I’m marching because the sight of the tired, the poor, the hungry carrying dirty placards asking for handouts on the two train does not yet fail to pierce me, a Midwesterner transplanted here midlife, though I have learned ― like all the New Yorkers ― to avert my eyes.

Because I’m tired of reading and signing and reading and signing online petitions from the Bold Progressives that I’m not sure anyone will ever see or care about.

Because I had worked ringing doorbells — both times — for Obama, yet I could never find the time or energy to do that for Hillary.

Because a tangerine tufted misogynist is about to become our next president.

Because the day after the election, I went as usual to teach my class at Barnard, made up of immigrants, and the daughters of immigrants, foreign students and girls of color. I happen to have many Muslim girls in the class this year. Samaha and Haifa and Hajira and Nasreen and Kania and Sanjida, too. We put aside Dante that morning, and when I asked them how they were feeling, Hajira couldn’t speak, but only cried, and Haifa told the story of her friend in a hijab being barked at that morning on the train, “You should take that off. You’re in Trump’s America now.”

Because the look on my 23-year-old daughter’s face, the night after Trump won, told me I had to get moving.

Because every Monday I ride 45 minutes on the Q line, from Manhattan to Brooklyn, to see our first and only granddaughter, age 1. When the train emerges from the tunnel and climbs up into light and sky, the edges of the city, the harbor, the waters, are all spread before us, offering an invitation to hope and dreams. Possibility — one that belies the list of Trump nominees, the billionaires and cronies and Sessions, too, a whole gang of thieves whose fundamental character flaws and histories and voting records have everyone around me either anxious or depressed, or both.

There’s a speck out in the water there, as the train climbs the Brooklyn Bridge, a silver lady holding something in her hand, and I rise each time to salute her. She’s the reason my grandparents journeyed here, from Belarutka and Poland, too. She’s the thing with feathers so many have been willing to give their lives for. And I’m only asked this: to wake on Friday at dawn and face the traffic to DC, to lace up my sneakers on Saturday and march.

Because our future, embodied by a one-year-old child, a Jewish girl named after a Sufi poet, Rumi, waits on the other side of that bridge. She is not really waiting — I simply imagine that part: that my presence looms as large in her small life as she does in mine. She is just now tasting language and can say two words: Ba and Ma, a kind of high note question in each syllable, more like the note of a song. She is wonder and possibility itself. And I worry over the planet I’m handing to her—the sorry state of its oceans and skies and rivers.

I’m marching because I watched our current president give his farewell speech in Chicago last week.
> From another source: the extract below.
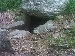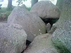 The dolmens are part of a series built between 3,500 and 3,200 BC, during the Neolithic.[3] As of 2001, about 400 of those are preserved in Mecklenburg-Vorpommern, 55 of which are located on the isle of Rügen.[4] Initially their number had been much larger, but many were destroyed when their boulders were used for church, housing and street construction since the Middle Ages.[4] In the 20th century, local teacher Friedrich-Wilhelm Furthmann and his wife preserved the dolmens in the Lancken-Granitz and Burtevitz area, before they were excavated by archaeologist Ewald Schuldt in 1969 and immediately thereafter restored for touristic use.[2] This was part of a series of 106 excavations conducted by Schuldt's team on megalith sites in present-day Mecklenburg-Vorpommern between 1964 and 1972.[5]
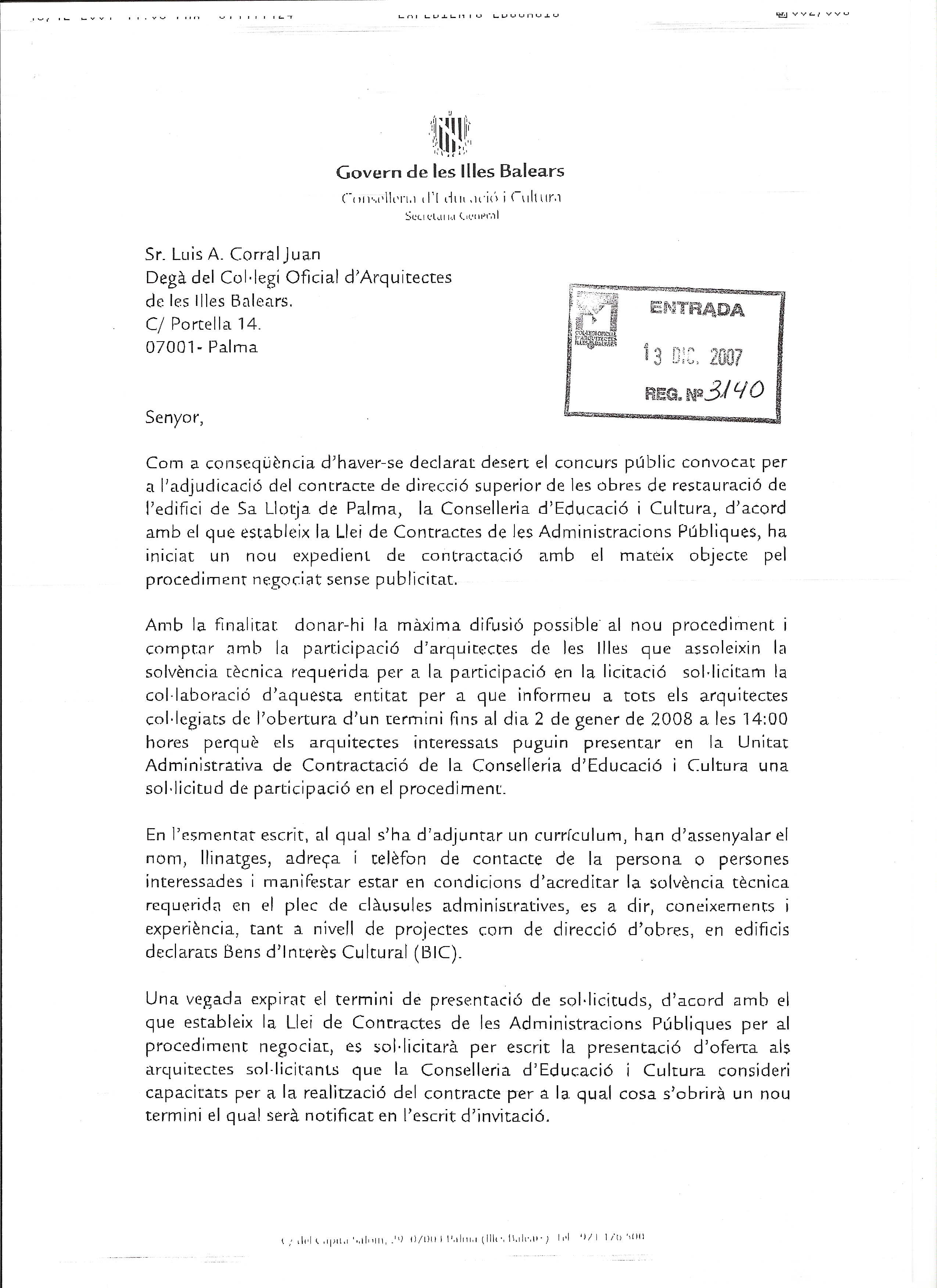 Com recordatori i per a major difusió de la notícia publicada en la primera plana de www.coaib.es, el passat 13 de desembre, es reprodueïx la convocatòria efectuada per la Conselleria d'Educació i Cultura del Govern de les Illes Balears per a l'adjudicació del contracte de direcció de les obres de restauració de l'edifici de Sa Llotja de Palma.

There was a moment where he stopped addressing the Big Things and looked down, into the crowd of 20,000 packed into the hall, centering his gaze on his wife’s face. Tears, almost, as he stared at her, unable to speak. I didn’t hear much more of what he said. Something about gratitude, about how she built a White House that welcomed everyone. All I could think was, What a man. What a person. What a human being.
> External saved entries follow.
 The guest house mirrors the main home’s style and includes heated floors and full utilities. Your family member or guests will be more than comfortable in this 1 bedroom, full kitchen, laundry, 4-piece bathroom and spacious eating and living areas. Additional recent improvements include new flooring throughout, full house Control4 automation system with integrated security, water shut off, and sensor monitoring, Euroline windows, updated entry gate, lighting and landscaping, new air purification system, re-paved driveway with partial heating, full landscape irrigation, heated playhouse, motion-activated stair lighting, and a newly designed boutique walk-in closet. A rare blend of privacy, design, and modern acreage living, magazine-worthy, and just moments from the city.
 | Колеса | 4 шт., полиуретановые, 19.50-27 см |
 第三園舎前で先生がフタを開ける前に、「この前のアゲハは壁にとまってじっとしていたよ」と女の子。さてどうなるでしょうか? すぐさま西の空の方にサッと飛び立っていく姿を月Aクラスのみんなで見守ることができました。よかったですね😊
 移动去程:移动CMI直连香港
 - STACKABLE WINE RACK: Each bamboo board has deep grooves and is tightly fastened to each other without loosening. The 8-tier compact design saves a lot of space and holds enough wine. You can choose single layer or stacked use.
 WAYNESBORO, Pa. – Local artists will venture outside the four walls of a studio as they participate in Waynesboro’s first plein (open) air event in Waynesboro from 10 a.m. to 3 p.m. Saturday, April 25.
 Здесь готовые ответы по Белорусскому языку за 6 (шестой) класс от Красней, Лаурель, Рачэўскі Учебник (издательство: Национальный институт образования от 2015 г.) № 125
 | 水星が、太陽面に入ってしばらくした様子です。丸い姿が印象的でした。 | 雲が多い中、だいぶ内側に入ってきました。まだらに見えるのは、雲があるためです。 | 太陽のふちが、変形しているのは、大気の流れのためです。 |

How in the world do we move from that — to this? He told us how. He reminded us that we are citizens of this potentially great nation, and of the world, too. Just before watching Obama’s farewell address, I had screened “Requiem for the American Dream.” Chomsky ends the documentary with my teacher, Howard Zinn’s words: “What matters is the countless small deeds of unknown people who lay the basis for the significant events that enter history.”

So, on Friday, my daughter Anielle and her girlfriend, Lily, and me, will get in the car and drive south to DC. We march for all of the women and the men, too, who can’t get themselves there: the guy with the dirty placard on the train, scores of incarcerated people of color, my student in the hijab who couldn’t form words and only cried, my granddaughter and all the granddaughters and grandsons, too, waiting in the wings.

We march against the sorry state of things. We march because this pen, these words, will only take us so far. We march because someone has to say No. And Yes.